SUPERIOR COURT OF PENNSYLVANIA


decided: April 20, 1979.

THE COMMERCIAL NATIONAL BANK OF TIFFIN, OHIO,
v.
REEDMAN CHEVROLET, INC., APPELLANT

No. 212 October Term 1978, Appeal from the Order Entered Oct. 12, 1977, by the Bucks County Court of Common Pleas at March Term, 1971, No. 1249, Civil Action, Law.

COUNSEL

Thomas W. Murrell, III, Philadelphia, for appellant.

Alan J. Dion, Morrisville, for appellee.

Jacobs, President Judge, and Hoffman, Cercone, Price, Van der Voort, Spaeth and Hester, JJ. Cercone, President Judge, concurs in result. Hester, J., files a dissenting statement. Jacobs, former President Judge, and Hoffman, J., did not participate in the consideration or decision in this case.

Author: Spaeth

[ 265 Pa. Super. Page 515]

This is an appeal from an order entered in an action in replevin brought by the Commercial National Bank of Tiffin, Ohio, to recover ten automobiles, or their value, from Reedman Chevrolet Inc. of Langhorne, Pennsylvania. The automobiles were purchased by Reedman from the Bill Simonis Chevrolet-Buick car dealership of Loudanville, Ohio, and were floor-plan-financed by Commercial and the Farmers Savings Bank of Loudanville. After a hearing, the lower court made findings of fact and held that Commercial was entitled to the value of the automobiles, with interest. The narrative that follows is based on the lower court's findings.

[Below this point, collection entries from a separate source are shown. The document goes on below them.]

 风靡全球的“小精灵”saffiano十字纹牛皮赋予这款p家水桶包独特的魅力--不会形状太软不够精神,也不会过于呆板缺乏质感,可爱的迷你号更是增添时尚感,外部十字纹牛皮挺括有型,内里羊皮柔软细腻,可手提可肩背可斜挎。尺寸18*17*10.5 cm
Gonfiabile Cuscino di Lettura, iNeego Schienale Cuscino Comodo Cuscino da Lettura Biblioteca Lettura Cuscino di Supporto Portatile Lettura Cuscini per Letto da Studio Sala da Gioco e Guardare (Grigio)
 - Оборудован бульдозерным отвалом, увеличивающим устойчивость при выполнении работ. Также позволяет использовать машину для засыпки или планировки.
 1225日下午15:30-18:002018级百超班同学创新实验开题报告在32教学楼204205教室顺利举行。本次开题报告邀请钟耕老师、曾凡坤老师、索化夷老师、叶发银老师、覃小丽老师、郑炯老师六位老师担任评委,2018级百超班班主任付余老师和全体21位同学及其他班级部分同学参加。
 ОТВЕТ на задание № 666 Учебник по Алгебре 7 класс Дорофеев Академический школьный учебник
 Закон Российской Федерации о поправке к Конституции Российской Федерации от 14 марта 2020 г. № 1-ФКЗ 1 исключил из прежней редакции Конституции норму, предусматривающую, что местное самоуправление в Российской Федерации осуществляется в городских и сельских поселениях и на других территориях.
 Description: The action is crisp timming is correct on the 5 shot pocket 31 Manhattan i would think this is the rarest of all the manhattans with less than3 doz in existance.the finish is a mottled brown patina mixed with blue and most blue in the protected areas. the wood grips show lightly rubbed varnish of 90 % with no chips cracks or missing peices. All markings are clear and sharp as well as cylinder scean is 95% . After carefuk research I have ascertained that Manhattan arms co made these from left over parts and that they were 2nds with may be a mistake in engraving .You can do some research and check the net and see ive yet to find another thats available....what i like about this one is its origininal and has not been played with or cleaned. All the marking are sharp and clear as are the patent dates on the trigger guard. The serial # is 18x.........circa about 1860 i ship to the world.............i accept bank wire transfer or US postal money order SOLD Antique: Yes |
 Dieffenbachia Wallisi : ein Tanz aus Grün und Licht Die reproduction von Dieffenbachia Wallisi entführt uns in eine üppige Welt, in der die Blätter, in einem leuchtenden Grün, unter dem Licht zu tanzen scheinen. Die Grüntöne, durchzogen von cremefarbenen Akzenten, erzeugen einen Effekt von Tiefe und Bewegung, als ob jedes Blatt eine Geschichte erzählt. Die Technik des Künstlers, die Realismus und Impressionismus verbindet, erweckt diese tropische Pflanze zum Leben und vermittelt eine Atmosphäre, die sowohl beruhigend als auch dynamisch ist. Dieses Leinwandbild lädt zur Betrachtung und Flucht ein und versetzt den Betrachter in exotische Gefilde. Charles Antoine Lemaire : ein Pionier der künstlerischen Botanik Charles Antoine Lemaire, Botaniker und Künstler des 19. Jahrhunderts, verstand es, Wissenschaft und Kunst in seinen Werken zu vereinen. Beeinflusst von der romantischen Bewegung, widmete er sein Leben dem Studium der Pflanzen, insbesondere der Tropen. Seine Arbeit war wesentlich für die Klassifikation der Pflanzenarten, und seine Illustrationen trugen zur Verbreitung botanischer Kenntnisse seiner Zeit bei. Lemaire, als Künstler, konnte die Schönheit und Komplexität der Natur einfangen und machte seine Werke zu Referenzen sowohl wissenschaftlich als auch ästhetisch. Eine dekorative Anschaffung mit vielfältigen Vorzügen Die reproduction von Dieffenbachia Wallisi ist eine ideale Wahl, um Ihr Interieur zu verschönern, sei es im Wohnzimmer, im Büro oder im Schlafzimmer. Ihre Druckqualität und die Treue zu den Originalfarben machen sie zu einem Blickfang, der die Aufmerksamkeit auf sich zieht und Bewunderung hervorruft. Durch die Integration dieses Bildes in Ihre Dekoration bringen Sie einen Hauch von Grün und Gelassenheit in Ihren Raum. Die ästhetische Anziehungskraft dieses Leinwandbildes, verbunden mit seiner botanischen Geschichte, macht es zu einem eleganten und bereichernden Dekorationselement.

During 1968 and 1969 Reedman purchased between four and six thousand automobiles from other dealers. As part of its effort to locate automobiles, Reedman mailed a form letter from its Langhorne office to various dealers in the eastern part of the United States, informing them of its interest in purchasing available automobiles. One of these letters was sent to Simonis, and on or about November 4, 1968, Simonis called Robert J. Ebert, Reedman's General Sales Manager, and offered to sell Reedman two automobiles. Ebert accepted the offer, and on that same day sent Simonis a certified check in full payment for the two automobiles.

[ 265 Pa. Super. Page 516]

Upon receipt of this check, Simonis sent Reedman a dealer's invoice showing that the cars had been paid for in full by Reedman. Simonis also sent Reedman cards to be sent to the General Motors Corporation upon the resale of the automobiles, and copies of the manufacturer's invoices. These invoices described the automobiles in question as having been sold to Farmers. Reedman dispatched a driver to take possession of the automobiles in Ohio, and in late November 1968 they were delivered to Reedman. Reedman had been doing business with Simonis since 1964 and had purchased automobiles from Simonis on four or five prior occasions. In making these purchases Reedman had checked with General Motors to make sure that Simonis was not in any financial difficulty. On or about July 26, 1969, again as a result of a call by Simonis to Ebert, Reedman purchased eight more automobiles from Simonis.

At no time did Simonis advise Ebert that the ten automobiles thus purchased by Reedman were subject to any financing arrangement or that Simonis planned to use the proceeds out of trust. Reedman never obtained from Simonis, or from any other source, Ohio certificates of title or manufacturer's certificates of origin for the automobiles. Reedman did not need these documents to obtain valid title in Pennsylvania at that time. All ten automobiles were resold by Reedman, and certificates of title were obtained for the purchasers by using the documents that had been forwarded to Reedman by Simonis.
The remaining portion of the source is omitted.